Exercise goal:
Where a picture appears, leave it out, and transcribe all the lines below exactly.

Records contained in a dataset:

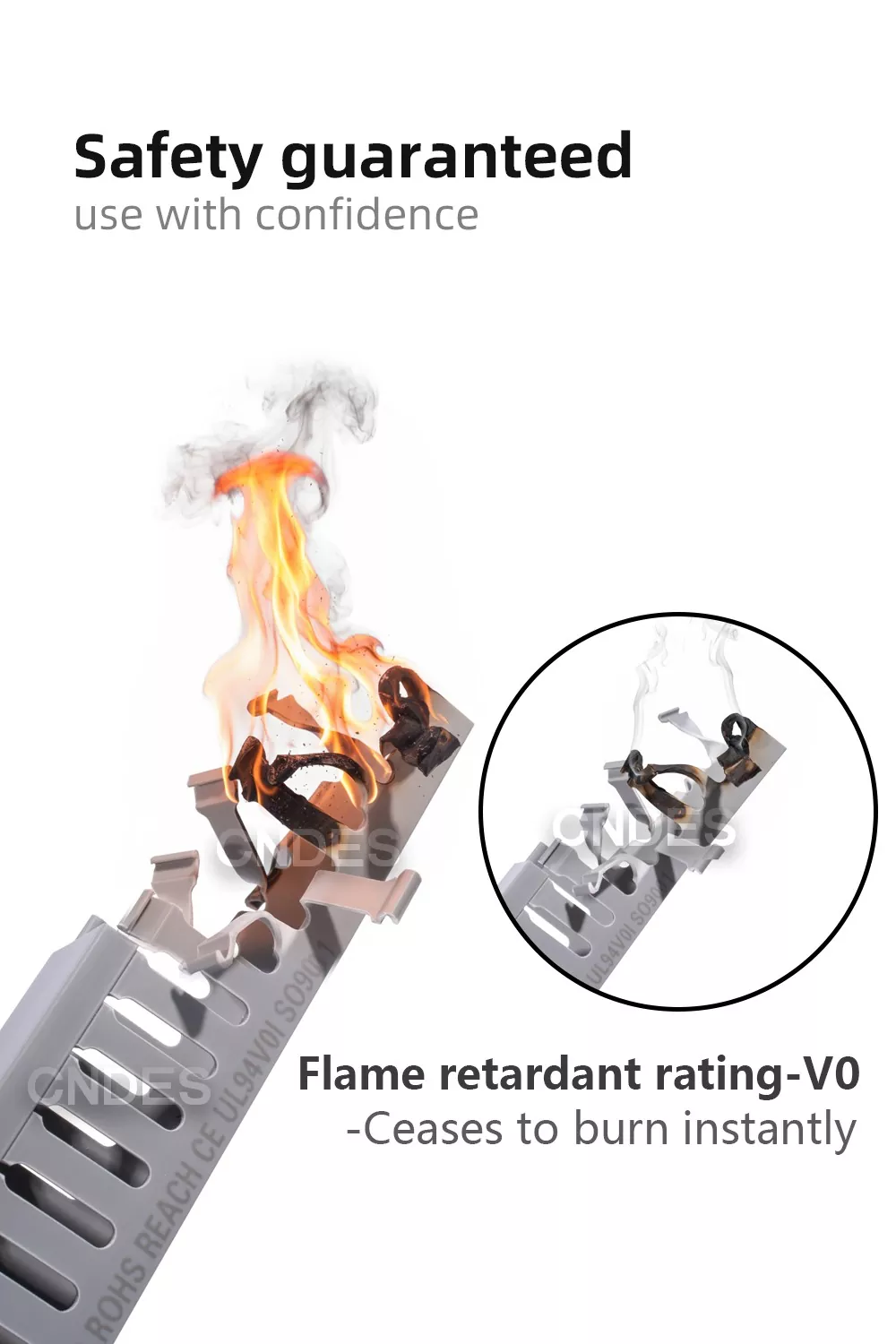 Możesz mieć pewność, że kupisz u nas trudnopalne korytka druciane. Każda partia produkowanych przez nas korytek drucianych przeszła w 100% autorytatywne testy SGS dotyczące zmniejszania palności, co zapewnia dostęp do rzeczywistych danych do kontroli i identyfikowalność raportów, co gwarantuje brak fałszywych etykiet. Stosujemy oryginalne materiały trudnopalne, spełniające normę UL94-V0, realizując zasadę „bezpieczeństwa bez kompromisów” od surowców po gotowe produkty. Oznacza to, że każdy metr korytka drucianego, którego używasz, czy to do okablowania domowego, zastosowań biurowych czy przemysłowych, jest ognioodporny i naprawdę bezpieczny, co można zweryfikować.
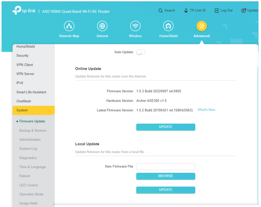 4. Navigate to Advanced > System > Firmware Update.
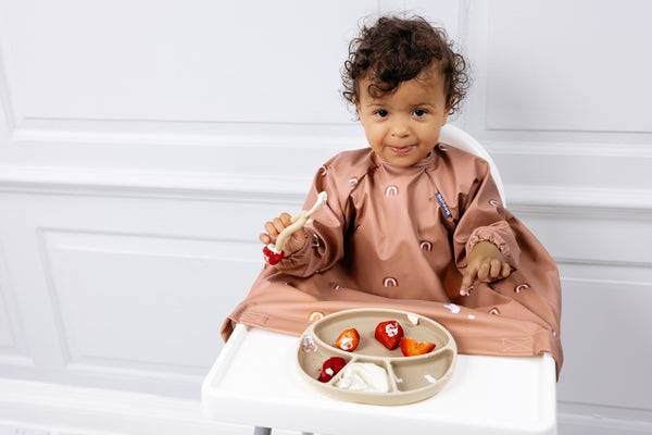 Packed with clever design features, the Bibado Coverall Weaning Bib allows little ones to enjoy their mealtime adventures without limits and in total comfort - while clothes and highchair seats remain spotlessly clean and dry.
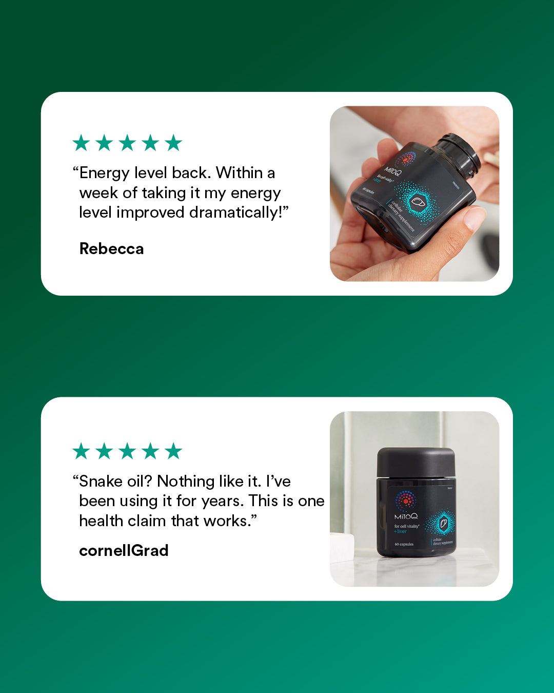 Everyone will experience MitoQ differently, depending on your age, your fitness, your overall health. It can take days, weeks or months for you to experience support for energy levels and health.
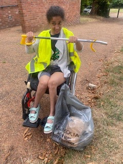 This summer I went with daylight club and a few members of passport to leisure to do do some community work litter picking and clearing up the streets of the community around trestle theatre and in the housing estates that are close to the theatre I went out out-of-hours in a hi-vis jacket and collected rubbish with my group and loaded it up into bags 4 a charity to take away and dispose of it, here is a picture of me in my hi-vis after coming back from litter picking
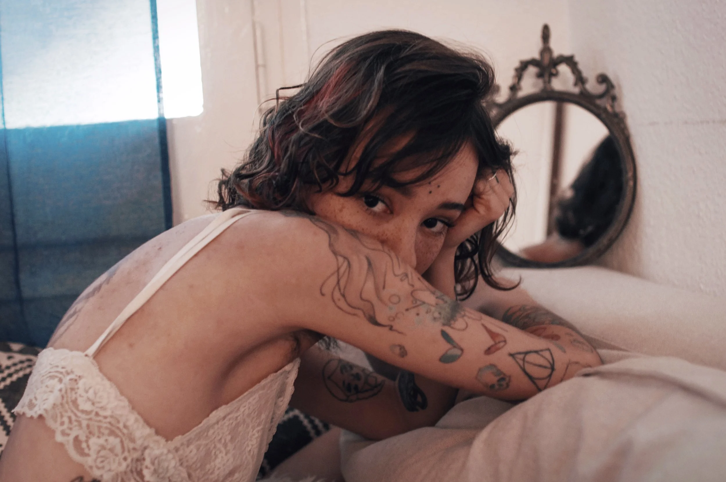She thinks back to the time of the first time the needle touched her skin. The first time it penetrated the outer layer and bled black ooze into her arms and permanently reconfigured her appearance to that of something more unique and meaningful. She thinks back to all the times the ink has crafted itself against her body, and given her peace in this incomprehensible existence. Giulia relishes the next time she can once again add a piece of art to her collection. Her tattoos aren't just a part of her body, but also a part of her soul. When she dies she will bleed ink.
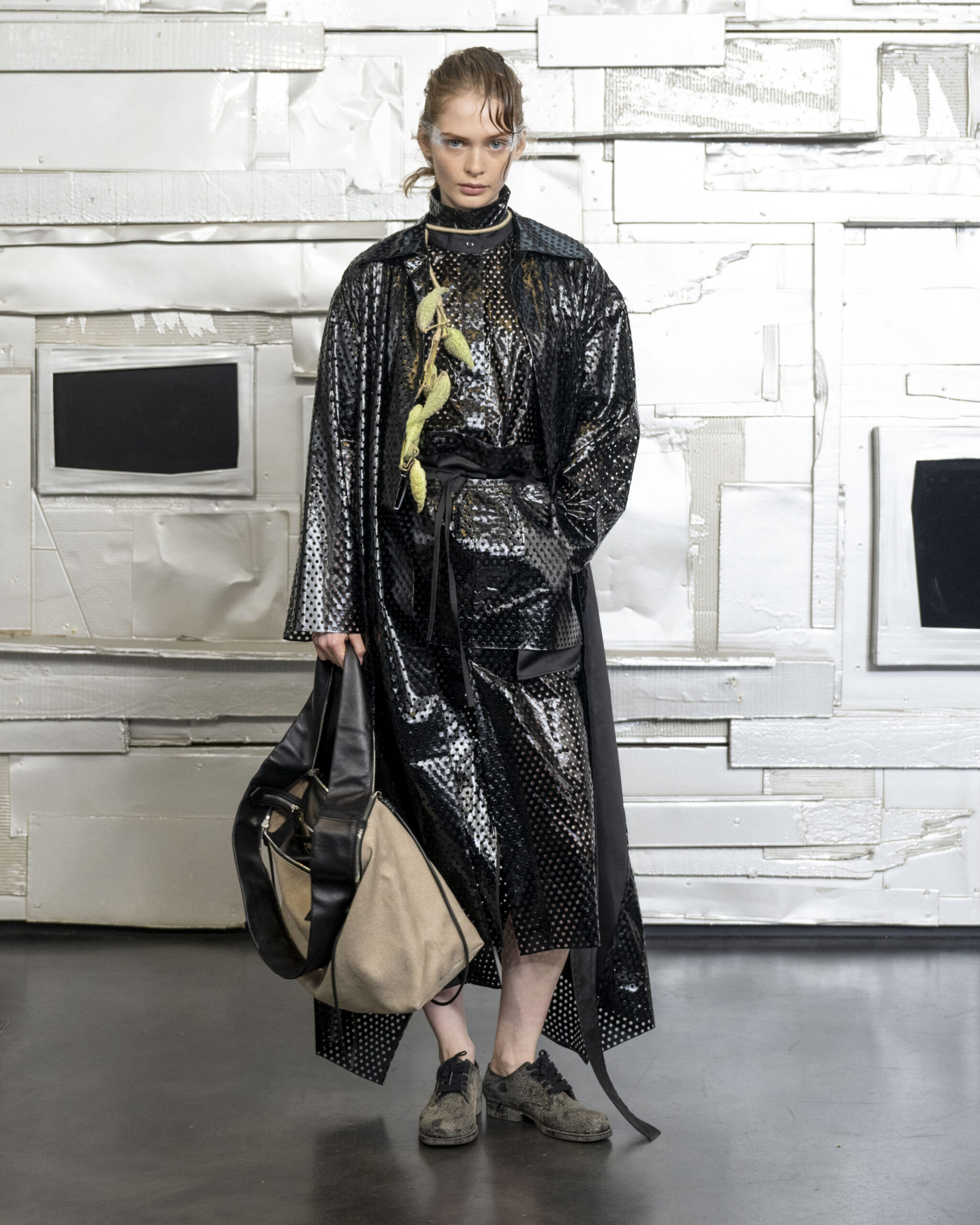 The collection also includes mesh tops and blouses with patches resembling corn tassels, asymmetric dresses and all-black outfits made of glossy faux leather.
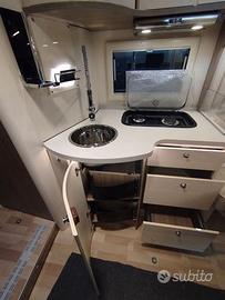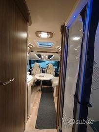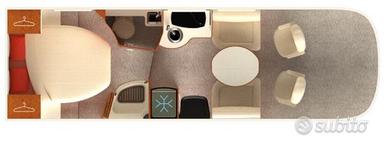Motorhome di alta gamma su telaio Alko con doppio pavimento passante , motorizzazione Fiat Ducato 2.2 180 cv con cambio automatico, cerchi in lega da 16", serbatoio maggiorato 75 l. omologazione 4 posti viaggio. Dinette face to face, disposizione con letto centrale nautico e bagno/doccia separati. Riscaldamento Truma Combi 6 gas/elettrica con interruttore automatico protezione gas duo control, Frigorifero da 175 L. con cella freezer separata, materassi in memory di alta qualità.

Output below:
 Możesz mieć pewność, że kupisz u nas trudnopalne korytka druciane. Każda partia produkowanych przez nas korytek drucianych przeszła w 100% autorytatywne testy SGS dotyczące zmniejszania palności, co zapewnia dostęp do rzeczywistych danych do kontroli i identyfikowalność raportów, co gwarantuje brak fałszywych etykiet. Stosujemy oryginalne materiały trudnopalne, spełniające normę UL94-V0, realizując zasadę „bezpieczeństwa bez kompromisów” od surowców po gotowe produkty. Oznacza to, że każdy metr korytka drucianego, którego używasz, czy to do okablowania domowego, zastosowań biurowych czy przemysłowych, jest ognioodporny i naprawdę bezpieczny, co można zweryfikować.
 4. Navigate to Advanced > System > Firmware Update.
 Packed with clever design features, the Bibado Coverall Weaning Bib allows little ones to enjoy their mealtime adventures without limits and in total comfort - while clothes and highchair seats remain spotlessly clean and dry.
 Everyone will experience MitoQ differently, depending on your age, your fitness, your overall health. It can take days, weeks or months for you to experience support for energy levels and health.
 This summer I went with daylight club and a few members of passport to leisure to do do some community work litter picking and clearing up the streets of the community around trestle theatre and in the housing estates that are close to the theatre I went out out-of-hours in a hi-vis jacket and collected rubbish with my group and loaded it up into bags 4 a charity to take away and dispose of it, here is a picture of me in my hi-vis after coming back from litter picking
She thinks back to the time of the first time the needle touched her skin. The first time it penetrated the outer layer and bled black ooze into her arms and permanently reconfigured her appearance to that of something more unique and meaningful. She thinks back to all the times the ink has crafted itself against her body, and given her peace in this incomprehensible existence. Giulia relishes the next time she can once again add a piece of art to her collection. Her tattoos aren't just a part of her body, but also a part of her soul. When she dies she will bleed ink.
 The collection also includes mesh tops and blouses with patches resembling corn tassels, asymmetric dresses and all-black outfits made of glossy faux leather.
Motorhome di alta gamma su telaio Alko con doppio pavimento passante , motorizzazione Fiat Ducato 2.2 180 cv con cambio automatico, cerchi in lega da 16", serbatoio maggiorato 75 l. omologazione 4 posti viaggio. Dinette face to face, disposizione con letto centrale nautico e bagno/doccia separati. Riscaldamento Truma Combi 6 gas/elettrica con interruttore automatico protezione gas duo control, Frigorifero da 175 L. con cella freezer separata, materassi in memory di alta qualità.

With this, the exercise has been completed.